Exercise prompt ::
The answer is the exact run of lines in the listing below from the line containing "Une fois dans" up to and including the line containing "razkrivali številne zgodbe", with pictures removed.

Provided entries ::
---

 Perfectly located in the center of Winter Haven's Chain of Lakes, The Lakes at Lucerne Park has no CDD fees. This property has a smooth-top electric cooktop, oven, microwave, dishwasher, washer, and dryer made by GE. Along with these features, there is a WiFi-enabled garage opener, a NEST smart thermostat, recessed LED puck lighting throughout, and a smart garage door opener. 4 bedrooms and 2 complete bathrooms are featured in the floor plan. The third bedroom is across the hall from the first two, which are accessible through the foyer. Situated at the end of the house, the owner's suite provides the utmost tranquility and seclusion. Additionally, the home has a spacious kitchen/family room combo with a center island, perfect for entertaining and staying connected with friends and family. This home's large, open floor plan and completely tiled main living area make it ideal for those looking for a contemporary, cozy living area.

---

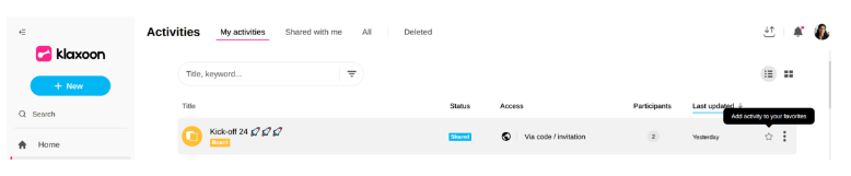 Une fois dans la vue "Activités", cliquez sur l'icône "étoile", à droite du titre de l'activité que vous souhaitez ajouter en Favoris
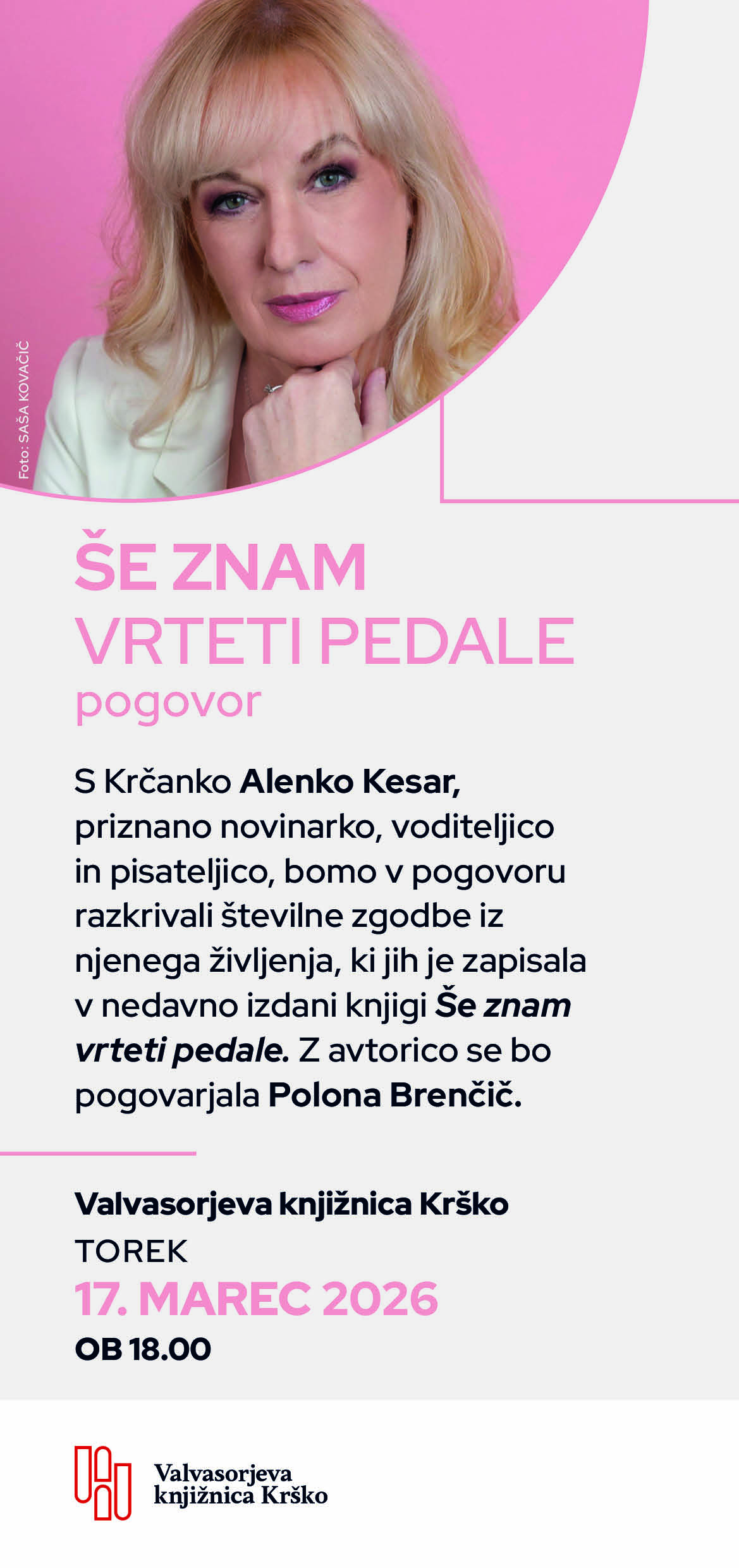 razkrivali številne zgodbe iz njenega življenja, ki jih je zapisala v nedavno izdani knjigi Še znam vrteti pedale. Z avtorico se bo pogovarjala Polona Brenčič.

---

Answer for this exercise ::
 Une fois dans la vue "Activités", cliquez sur l'icône "étoile", à droite du titre de l'activité que vous souhaitez ajouter en Favoris
 razkrivali številne zgodbe iz njenega življenja, ki jih je zapisala v nedavno izdani knjigi Še znam vrteti pedale. Z avtorico se bo pogovarjala Polona Brenčič.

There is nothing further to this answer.